Abstract

In the realm of medical image fusion, integrating information from various modalities is crucial for improving diagnostics and treatment planning, especially in retinal health, where the important features exhibit differently in different imaging modalities. Existing deep learning-based approaches insufficiently focus on retinal image fusion, and thus fail to preserve enough anatomical structure and fine vessel details in retinal image fusion. To address this, we propose the Topology-Aware Graph Attention Network (TaGAT) for multi-modal retinal image fusion, leveraging a novel Topology-Aware Encoder (TAE) with Graph Attention Networks (GAT) to effectively enhance spatial features with retinal vasculature’s graph topology across modalities. The TAE encodes the base and detail features, extracted via a Long-short Range (LSR) encoder from retinal images, into the graph extracted from the retinal vessel. Within the TAE, the GAT-based Graph Information Update block dynamically refines and aggregates the node features to generate topology-aware graph features. The updated graph features with base and detail features are combined and decoded as a fused image. Our model outperforms state-of-the-art methods in Fluorescein Fundus Angiography (FFA) with Color Fundus (CF) and Optical Coherence Tomography (OCT) with confocal microscopy retinal image fusion. The source code can be accessed via https://github.com/xintian-99/TaGAT.

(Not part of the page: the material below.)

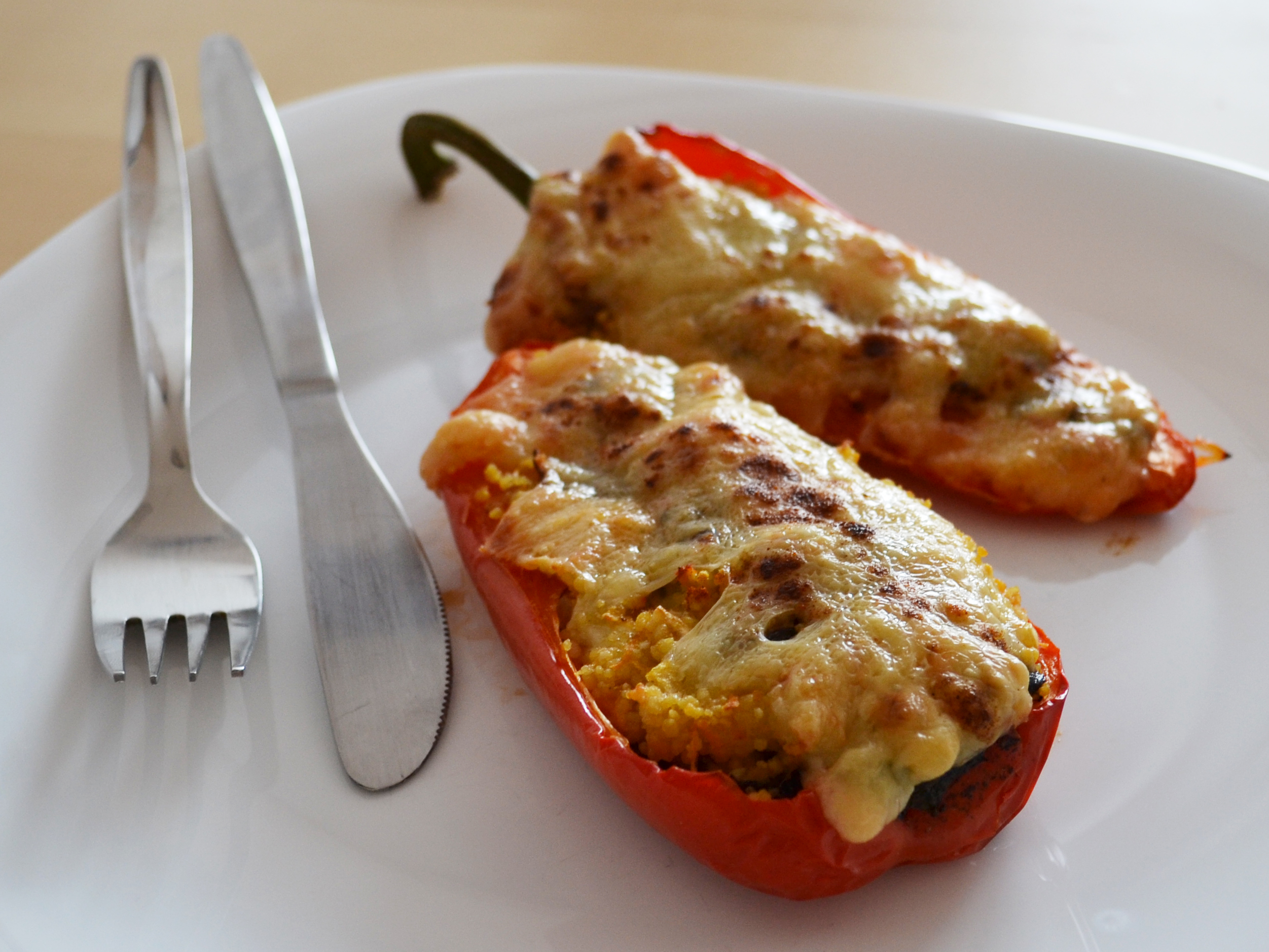 Kuskus připravíme dle návodu, papriky rozpůlíme a odstraníme jadřinec, sušené houby namočíme. Připravíme směs kuskusu, nastrouhané mrkve a hermelínu, hub, cibule nakrájené na drobno a prolisovaného česneku, lehce osolíme a opepříme a naplníme jí papriky. Na vrch dáme plátky eidamu a posypeme mletou paprikou. Pečeme v troubě při teplote 180°C dokud papriky nezměknou.

Links to Paper and Supplementary Materials

Main Paper (Open Access Version): https://papers.miccai.org/miccai-2024/paper/0115_paper.pdf

SharedIt Link: pending

SpringerLink (DOI): pending

Supplementary Material: N/A

Link to the Code Repository

https://github.com/xintian-99/TaGAT

Link to the Dataset(s)

N/A

BibTex

@InProceedings{Tia_TaGAT_MICCAI2024,
        author = { Tian, Xin and Anantrasirichai, Nantheera and Nicholson, Lindsay and Achim, Alin},
        title = { { TaGAT: Topology-Aware Graph Attention Network For Multi-modal Retinal Image Fusion } },
        booktitle = {proceedings of Medical Image Computing and Computer Assisted Intervention -- MICCAI 2024},
        year = {2024},
        publisher = {Springer Nature Switzerland},
        volume = {LNCS 15001},
        month = {October},
        page = {pending}
}


Reviews

Review #1

  • Please describe the contribution of the paper

    The paper design a Topology-Aware Graph Attention Network (TaGAT) for multi-modal retinal image fusion that preserves anatomical structures and fine vessel details better than existing methods.

  • Please list the main strengths of the paper; you should write about a novel formulation, an original way to use data, demonstration of clinical feasibility, a novel application, a particularly strong evaluation, or anything else that is a strong aspect of this work. Please provide details, for instance, if a method is novel, explain what aspect is novel and why this is interesting.

    1.It is novel to incorporate vascular features in fundus images through graph networks into fusion method. 2.The paper writing is clear.

  • Please list the main weaknesses of the paper. Please provide details, for instance, if you think a method is not novel, explain why and provide a reference to prior work.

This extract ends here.